On retreat with Linda Naini you'll get long sits, walking practice, and dharma talks that build on each other across days. The container is silent or near-silent, which gives the teaching room to land in a way that single classes can't quite reach. Sittings are conventional, mindfulness of breath and body, with metta and inquiry into difficult mind-states woven through. There's space for questions, and the answers don't get rushed. The atmosphere is grounded rather than performative, and practitioners tend to leave with practical ground to keep working from on their own. The atmosphere is grounded rather than performative, and practitioners tend to leave with practical ground to keep working from on their own.

Who this teacher resonates with

People in grief
Grief doesn't get sanitized into a teaching point.
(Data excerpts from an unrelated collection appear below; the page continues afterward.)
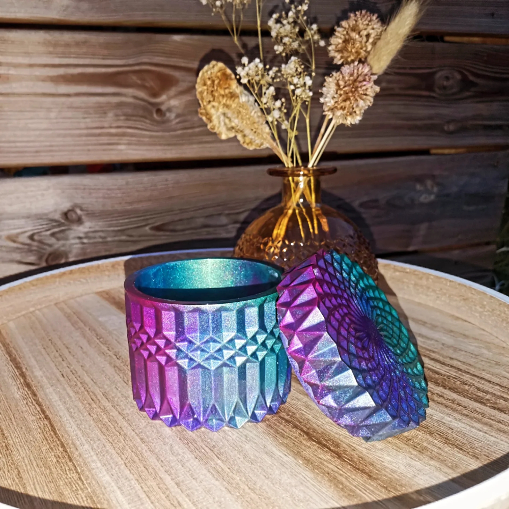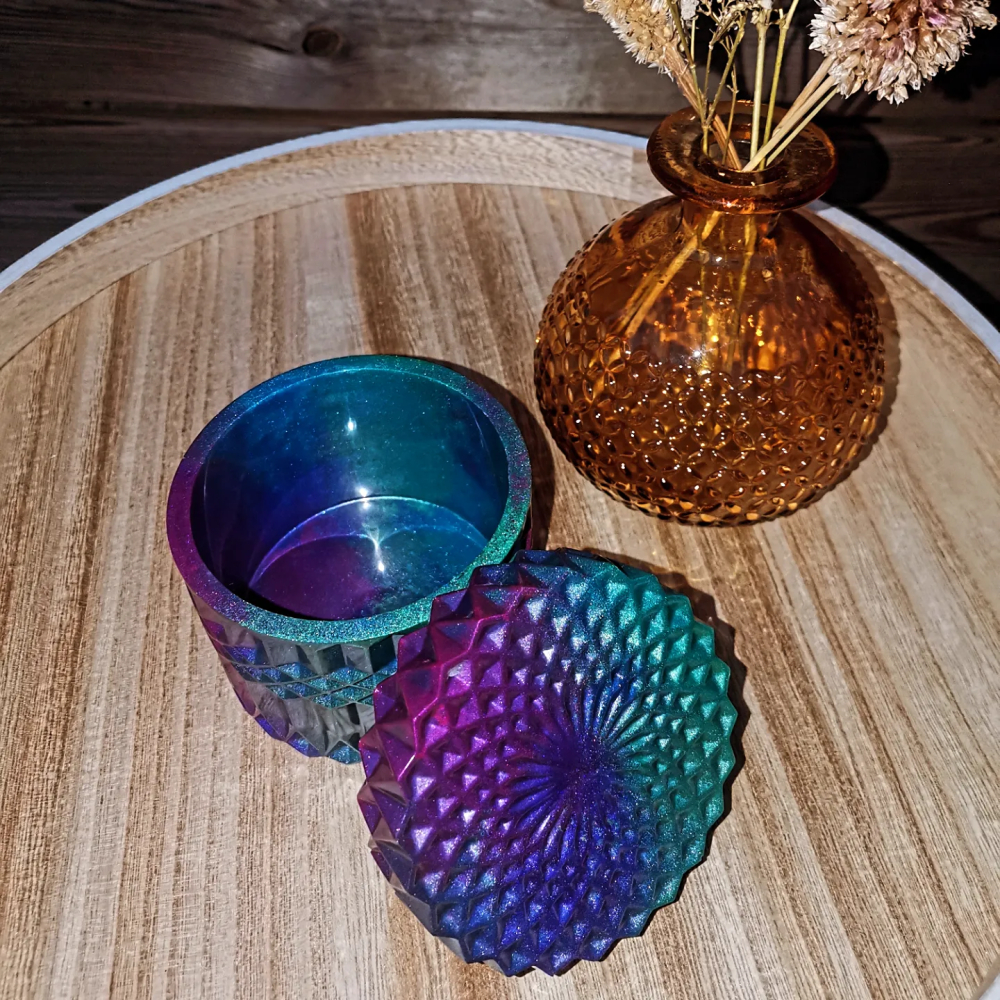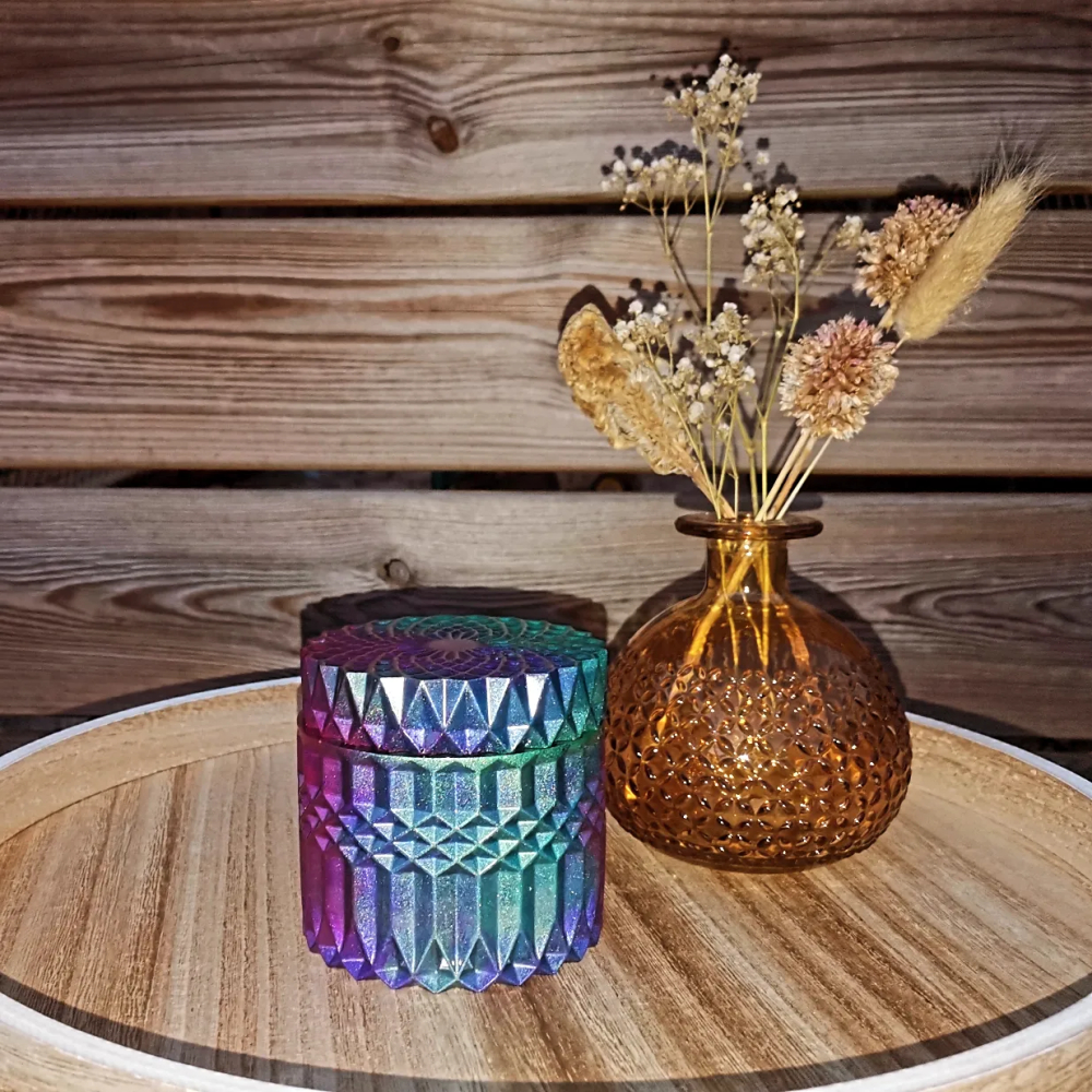 Deze urn met sierlijk motief, is een van de 7 epoxy urnen in ons assortiment zit.
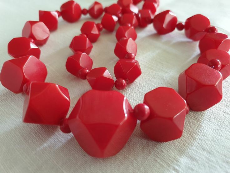 30-talet och art deco. Blommor går nog aldrig riktigt ur modet, blommorna hänger med från 30-talet och framåt, åtminstone tom 70-talet. Annars är det väldigt mycket art deco-halsband med raka former och geometriska mönster. Halsband med plastpärlor har ofta även de geometriska mönster som tex fasetterade pärlor. Plastmaterial under 30-talet är celluloid, absolut vanligast, men 30-talet är det årtionde man gör smycken av bakelit, den lite ”kraftigare” bakeliten passar bra i art decons lite kantiga stil. Men även galalith är ett rätt vanligt material, väldigt ofta i skuren/snidad form.
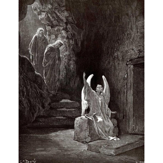 The Angel Seated Upon the Stone Black Modern Wood Framed Art Print with Double Matting by Dore, Gustave
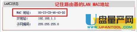 首先分别登录两台路由器获取路由器LAN口的MAC地址并记录下来。方法:登录路由器在运行状态中的“LAN口状态”中获取。未设置桥接前如果用无线登录时可能有冲突只能登录一个,建议可以用有线设置,也可以给路由器分别断电用无线设置。
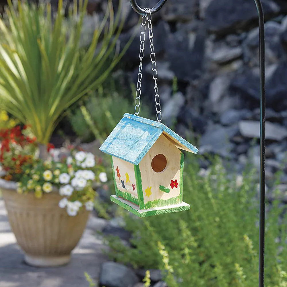 This best-seller is a great anytime craft activity for families and kids ages 5+. Each DIY build-and-paint birdhouse kit includes 7 FSC-certified wood birdhouse pieces, nails, a metal hanging chain, 2 hooks, glue, 1 paintbrush, and 4 paints in assorted colors. Available in packs of 6 or cartons of 24. Hammer not included: adult supervision and support required.
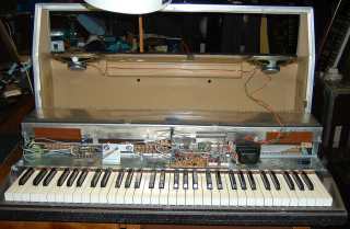 After tightening reeds, most are sharp, requiring re-weighting, one has NO weight, only making a faint ping. Many have no sustain, needs a new set. Some pickups had been bent with pliers, requiring a strip-down, beating flat & reprofiling. The amplifier has poor sound, low level & a bit distorted. Needs a good service & some new parts. Speakers have poor treble, the cones have become soft & fluffy with age.

The space here can hold the actual weight of loss without rushing it toward closure.
Teens and young adults
Teaching for younger practitioners that doesn't talk down, doesn't lecture, and meets them where their actual lives are.
Long-time practitioners
Practitioners with real prior sitting tend to find the material rewards depth rather than skating across the surface.
Mindfulness isn't a performance. It's a return.
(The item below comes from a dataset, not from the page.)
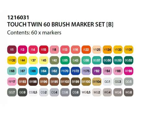 A TOUCH™ Brush Marker egyike a világ vezető márkáinak a markerkek között. Ahogy a „TOUCH™ Brush” név is sugallja, a marker egyik hegye egy renkívül tartós és rugalmas ecsethegy, míg a másik vége egy vágott hegy. Mindkét vég lehetővé teszi a felhasználó számára, hogy nagy területeket színezzen, finom vonalakat hozzon létre, precízen rétegezzen, és elkenődés vagy folyás nélkül vigye fel a tintát. Számtalan ipari tervező, karikaturista, művész és illusztrátor választja világszerte, akik a legjobb minőségű termékeket akarják.

Frequently asked questions

What tradition does Linda Naini teach?
Linda Naini teaches in the Insight Meditation lineage that grew from Burmese vipassana through teachers like Joseph Goldstein, Sharon Salzberg, and Jack Kornfield. The working ground of the practice is insight meditation (vipassana), with the framing shaped by the specific lineage holders Linda Naini trained under and by the practice questions raised by current students. The teaching keeps the structure of the path visible without insisting on a single doctrinal vocabulary.
Where can I hear Linda Naini's talks?
Recorded talks and writing from Linda Naini are linked from the teacher profile, with primary source listings at https://imcw.org/teacher/?speakerId=125. For practitioners who like to follow a teacher across years, the audio archive is the most direct path in.
Is Linda Naini a monk or a lay teacher?
Linda Naini teaches as a lay practitioner rather than from a monastic role. That's the dominant shape of contemporary Insight teaching in the West, and it means the framing is built for practitioners who are integrating practice into ordinary working and family life, with sila and ethical foundation taken seriously inside that lay context.
Who is Linda Naini's teaching for?
The teaching tends to land for practitioners with a real interest in the Insight Meditation lineage that grew from Burmese vipassana through teachers like Joseph Goldstein, Sharon Salzberg, and Jack Kornfield, particularly those drawn to grief, online, teens. Newer meditators find clear instruction, and longer-term practitioners find material that doesn't slow itself down for the room. Linda Naini's schedule and current programs are the right place to look for whether a specific format suits where your practice currently sits.